The main problem here is that Iran is not a party to the Rome Statute, which means that the prosecutor cannot begin an investigation at the request of another member state or on his own initiative.

However, the case against Mr Ahmadinejad could still be referred by the UN Security Council, under its powers to deal with threats to peace and acts of aggression. Again – more’s the pity – practical politics makes it unlikely that the UN will take the necessary action against Iran.

So we come to Mr Cotler’s fourth option, which is for an individual country to take action against Mr Ahmadinejad under its own national laws. This may prove difficult, as states do not usually claim jurisdiction over crimes committed abroad by nationals of another state.

But there are exceptions. Under what is known as the protective or security principle, states can try foreigners for crimes abroad that are regarded as injurious to the state’s security. It was on this basis that Israel tried Adolf Eichmann under the genocide convention.

And there is also the principle of universality. States, including Britain, assume jurisdiction over some of most serious crimes against humanity, wherever they are committed.

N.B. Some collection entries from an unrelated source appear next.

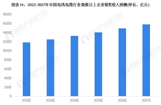 南網電網明確提出,“十四五”期間規劃投資約6700億元,以加快數字電網建設和現代化電網進程,推動以新能源為主體的新型電力係統構建。根據國家對電線電纜主要應用領域-電力(新能源、智慧電網)、軌道交通、航空航天、海洋工程等規劃來看,未來我國電線電纜行業前景向好,行業產品升級趨勢明顯。預計到2027年,中國電線電纜行業規上企業銷售收入接近1.6萬億元。
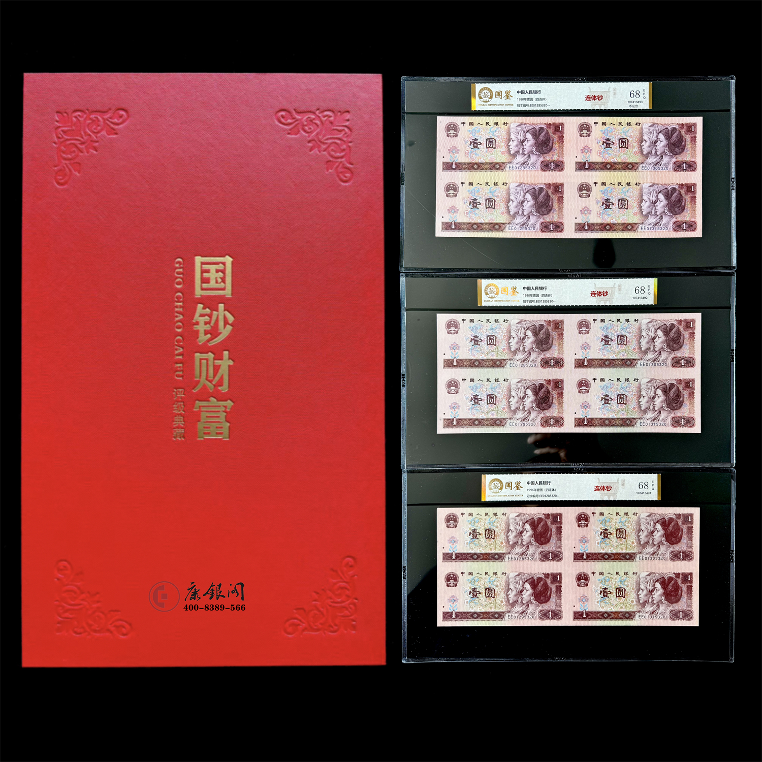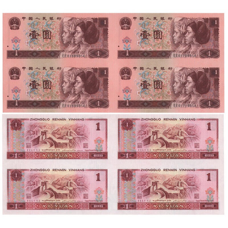 【藏品内容】1980年1元四连体、1990年1元四连体、1996年1元四连体各一张。
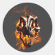 Retro Dinosaur Dead Burning Skull in Fire Classic Round Sticker

That was how an Afghan warlord received a 20-year sentence at the Old Bailey in 2005 for torture and hostage-taking in his own country.

Again, though, there are problems. Incitement to genocide is not an offence over which states have yet asserted universal jurisdiction and Mr Ahmadinejad cannot be forced to leave Iran and stand trial.

However, even issuing an indictment against him would have a significant public impact. And it would make it harder for him to travel abroad.

There is one thing, though, that our courts can do – even though it does not directly affect Mr Ahmadinejad. Iran’s main opposition group, the People’s Mojahedin Organisation of Iran, was banned in Britain as a terrorist organisation in 2001. But that was the year in which the group says it renounced military action, transforming itself into a legitimate political resistance movement.

As I reported last week, an application will be made this year to the Proscribed Organisations Appeal Commission, an independent tribunal created by the Terrorism Act 2000 to hear appeals against the Home Secretary’s refusal to remove an organisation from the banned list. The commission, chaired by the retired appeal judge Sir Charles Mantell, must allow an appeal if it thinks a court would have granted an application for judicial review.

What is interesting about the Act is that it allows an application to be made to the commission “by any person affected by the organisation’s proscription”. No doubt Parliament was thinking that this would cover potential members. But the application is being made by the former Conservative Home Secretary Lord Waddington, the former Labour solicitor general Lord Archer of Sandwell, and more than 30 other MPs and peers.

The commission is unlikely to feel pressured by the eminence of these applicants.

In the meantime, though, the Government should think carefully about whether it wants to support a man who has incited his people to mass murder while continuing to ban those who oppose him.